• [Task instructions] All of the listing, from first line to last, should be output exactly; the pictures stay out.

• [Recorded information]
++++++++++++++++++++

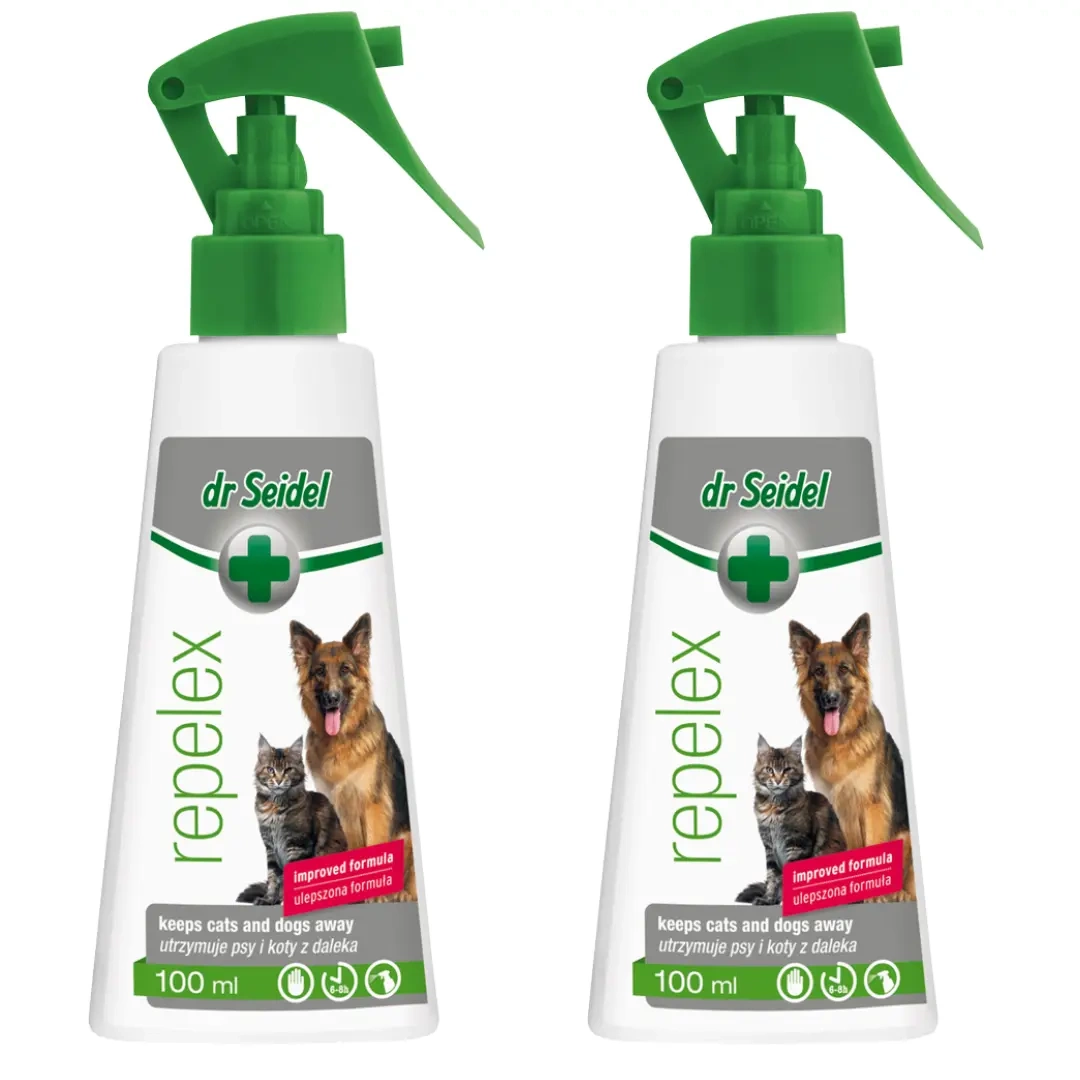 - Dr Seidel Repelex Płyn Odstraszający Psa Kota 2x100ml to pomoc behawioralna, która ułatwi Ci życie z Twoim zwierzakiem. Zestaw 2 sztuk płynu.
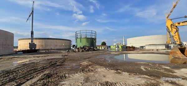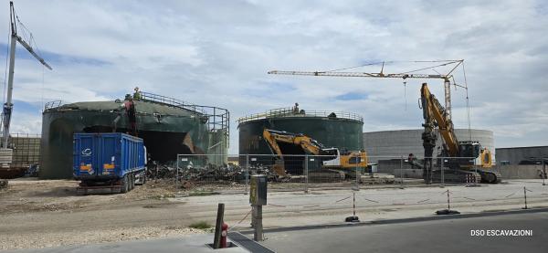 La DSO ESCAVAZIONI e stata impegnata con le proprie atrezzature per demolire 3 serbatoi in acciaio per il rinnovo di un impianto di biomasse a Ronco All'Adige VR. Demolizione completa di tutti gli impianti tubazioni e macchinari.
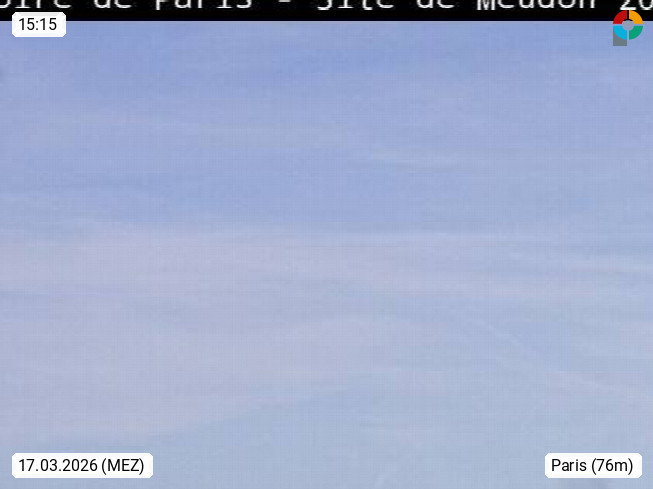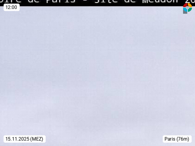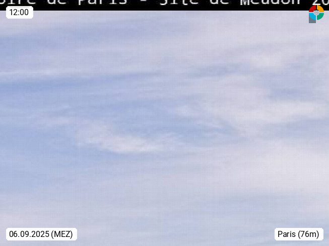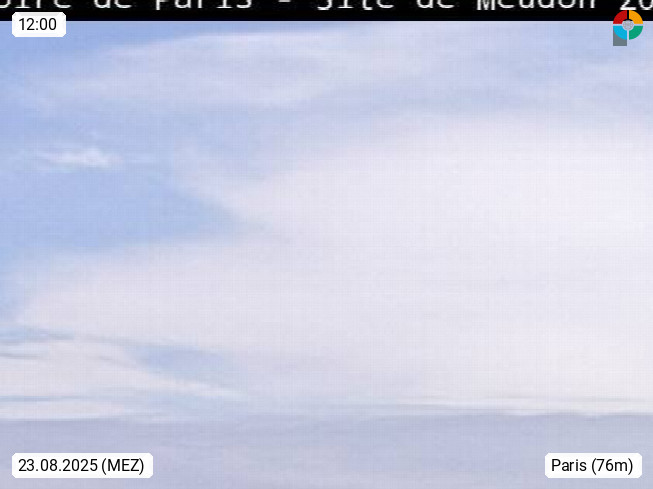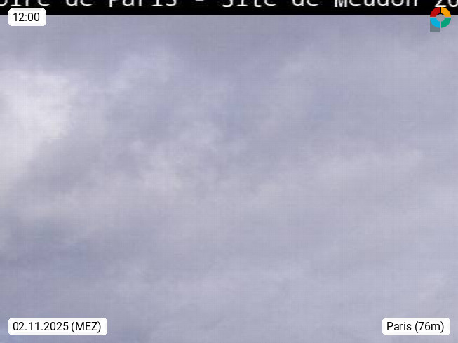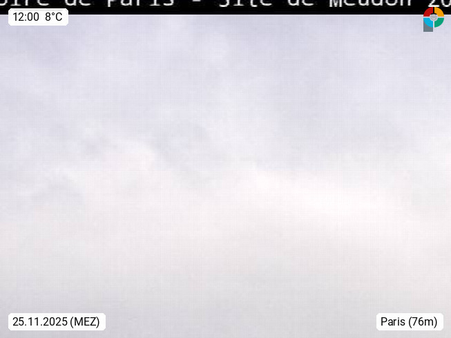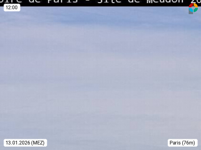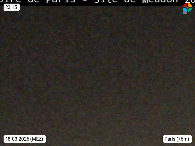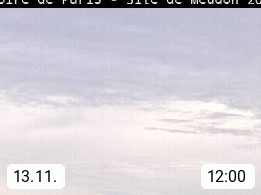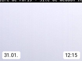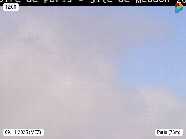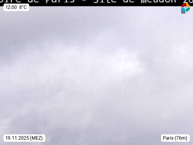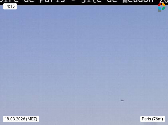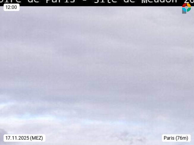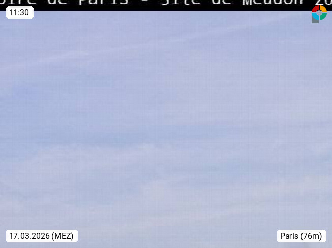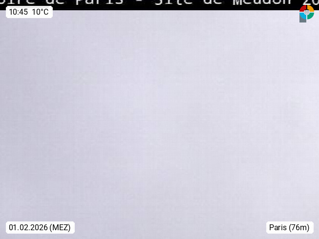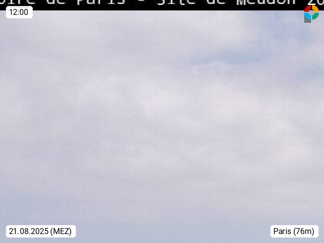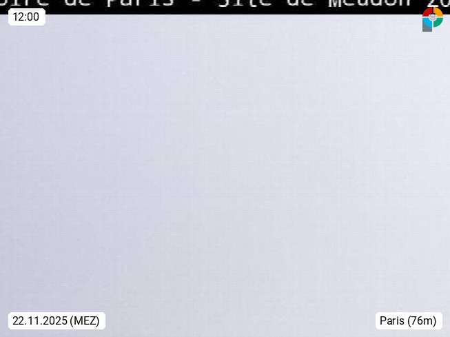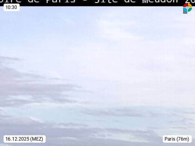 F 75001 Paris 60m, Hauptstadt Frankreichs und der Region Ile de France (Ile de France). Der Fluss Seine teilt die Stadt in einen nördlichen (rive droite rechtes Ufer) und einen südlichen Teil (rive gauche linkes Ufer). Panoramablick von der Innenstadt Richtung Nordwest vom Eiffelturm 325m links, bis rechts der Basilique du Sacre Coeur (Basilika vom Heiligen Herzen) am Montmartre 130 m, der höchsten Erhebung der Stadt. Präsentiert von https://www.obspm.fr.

++++++++++++++++++++

• [Expected answer]
 - Dr Seidel Repelex Płyn Odstraszający Psa Kota 2x100ml to pomoc behawioralna, która ułatwi Ci życie z Twoim zwierzakiem. Zestaw 2 sztuk płynu.
 La DSO ESCAVAZIONI e stata impegnata con le proprie atrezzature per demolire 3 serbatoi in acciaio per il rinnovo di un impianto di biomasse a Ronco All'Adige VR. Demolizione completa di tutti gli impianti tubazioni e macchinari.
 F 75001 Paris 60m, Hauptstadt Frankreichs und der Region Ile de France (Ile de France). Der Fluss Seine teilt die Stadt in einen nördlichen (rive droite rechtes Ufer) und einen südlichen Teil (rive gauche linkes Ufer). Panoramablick von der Innenstadt Richtung Nordwest vom Eiffelturm 325m links, bis rechts der Basilique du Sacre Coeur (Basilika vom Heiligen Herzen) am Montmartre 130 m, der höchsten Erhebung der Stadt. Präsentiert von https://www.obspm.fr.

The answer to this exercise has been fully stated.